# TO DO
Retype, word for word, the line holding "Morphology: Gross: (1)" and every line below it to the end of the listing. Leave out the pictures.
+++ RECORDS PROVIDED
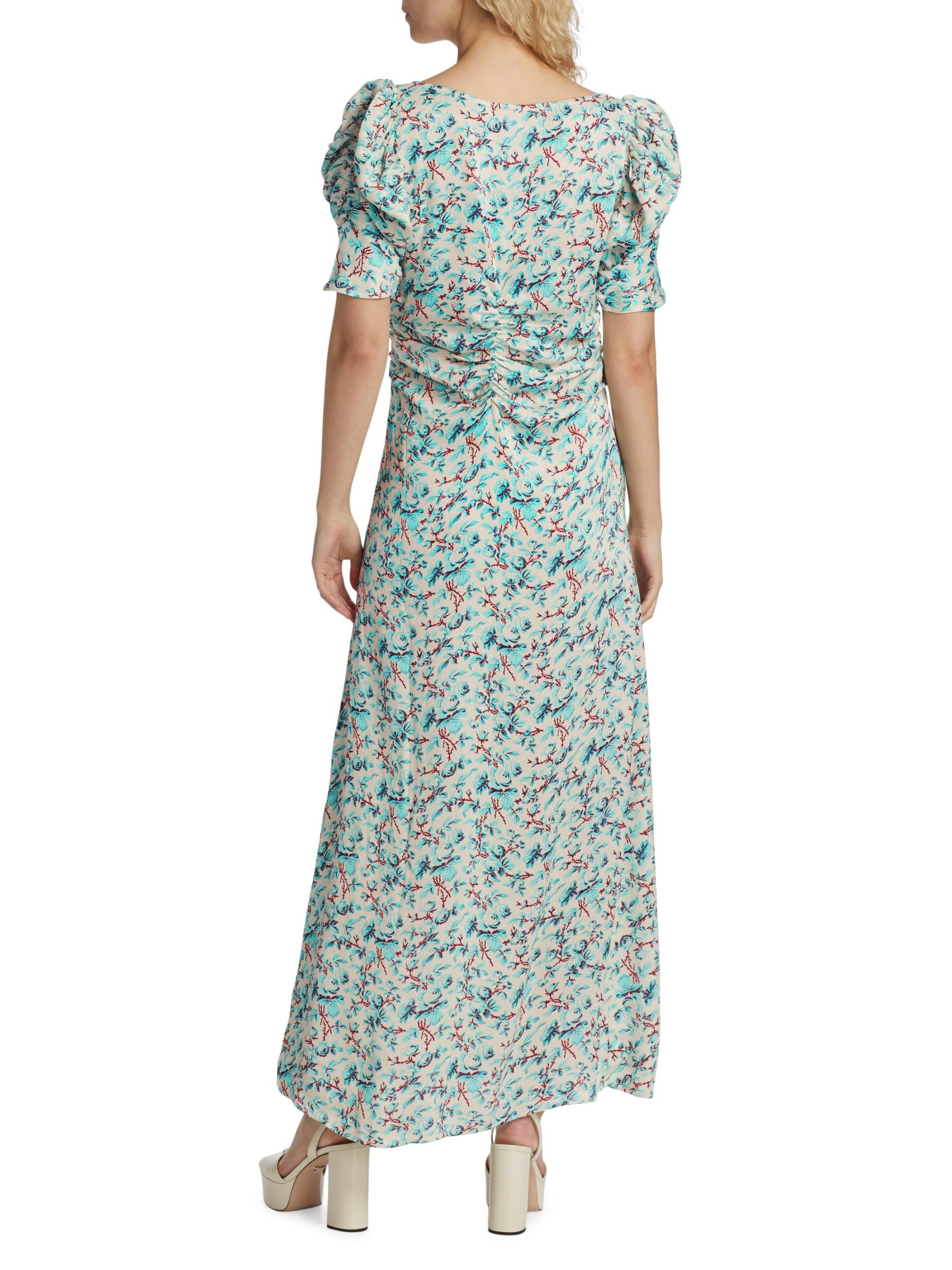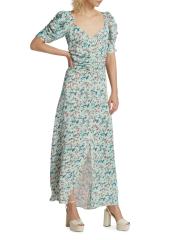 فستان ماكسي مكشكش بنقشة الورود
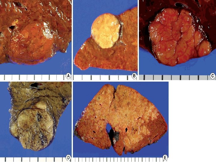 Morphology: Gross: (1) Unifocal massive tumor. (2) Multifocal tumor nodules of variable size. (3) Diffusely infiltrative cancer involving the entire liver, blending into the cirrhotic background. Tumor masses: v. Yellow white. v. Or bile staining & hemorrhage or necrosis. v. Soft in consistency because of little C. T. stroma in most hepatocellular carcinomas.
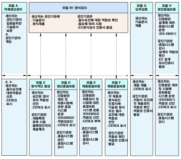 그 부속물87/404/EEC 90.7.1 92.7.1 B+C, B+F 11 가스기기 Appliances BurningGaseous Fuels 가정용 가스기구 90/396/EEC 92.1.1 96.1.1 B+C, B+D, G, B+E, B+F 12 통신단말기 RTTE Raiod and Telecommunications Terminal Equipment 유.무선통신 단말기 1999/5/EC 00.4.8 01.4.8 A, H 및
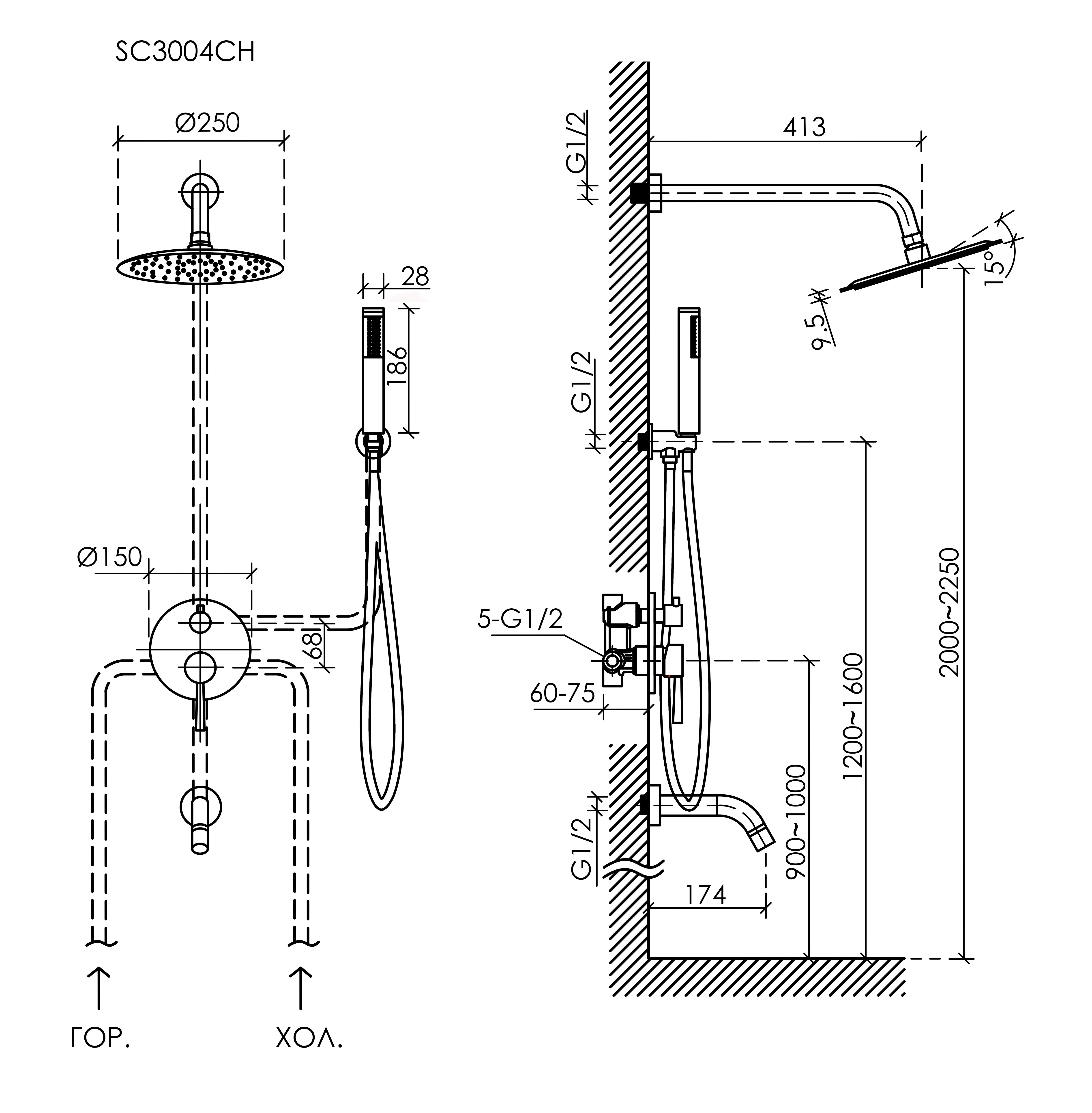 данный параметр выбирается для круглых душей и также он явяется шириной для квадратных или прямоугольных душей
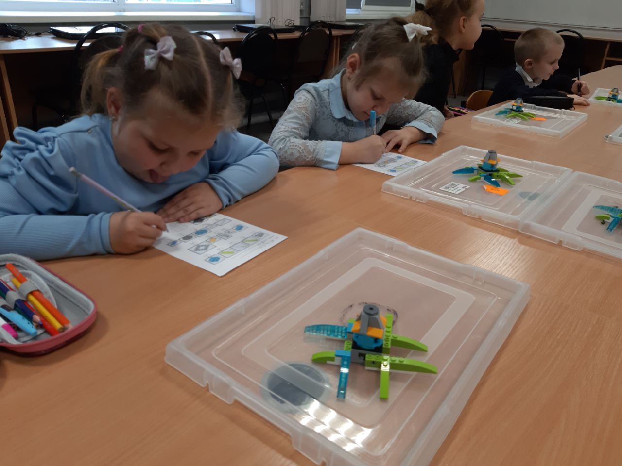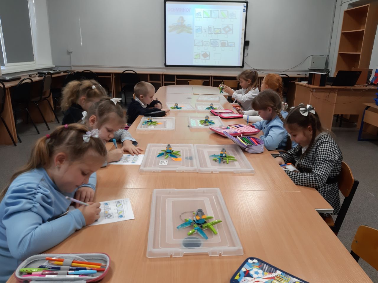 Занятие началось с повторения в игровой форме ранее изученных деталей: кирпичиков, балок, пластин. Затем ребятам было предложено по инструкции собрать модель осьминога, у которой вращалась голова и были подвижные ножки. В конце урока заполнили паспорт модели, в котором не хватало одной детали. Но ребята быстро нашли недостающую картинку и нарисовали ее.
++++++
# ANSWER TO THIS EXERCISE
 Morphology: Gross: (1) Unifocal massive tumor. (2) Multifocal tumor nodules of variable size. (3) Diffusely infiltrative cancer involving the entire liver, blending into the cirrhotic background. Tumor masses: v. Yellow white. v. Or bile staining & hemorrhage or necrosis. v. Soft in consistency because of little C. T. stroma in most hepatocellular carcinomas.
 그 부속물87/404/EEC 90.7.1 92.7.1 B+C, B+F 11 가스기기 Appliances BurningGaseous Fuels 가정용 가스기구 90/396/EEC 92.1.1 96.1.1 B+C, B+D, G, B+E, B+F 12 통신단말기 RTTE Raiod and Telecommunications Terminal Equipment 유.무선통신 단말기 1999/5/EC 00.4.8 01.4.8 A, H 및
 данный параметр выбирается для круглых душей и также он явяется шириной для квадратных или прямоугольных душей
 Занятие началось с повторения в игровой форме ранее изученных деталей: кирпичиков, балок, пластин. Затем ребятам было предложено по инструкции собрать модель осьминога, у которой вращалась голова и были подвижные ножки. В конце урока заполнили паспорт модели, в котором не хватало одной детали. Но ребята быстро нашли недостающую картинку и нарисовали ее.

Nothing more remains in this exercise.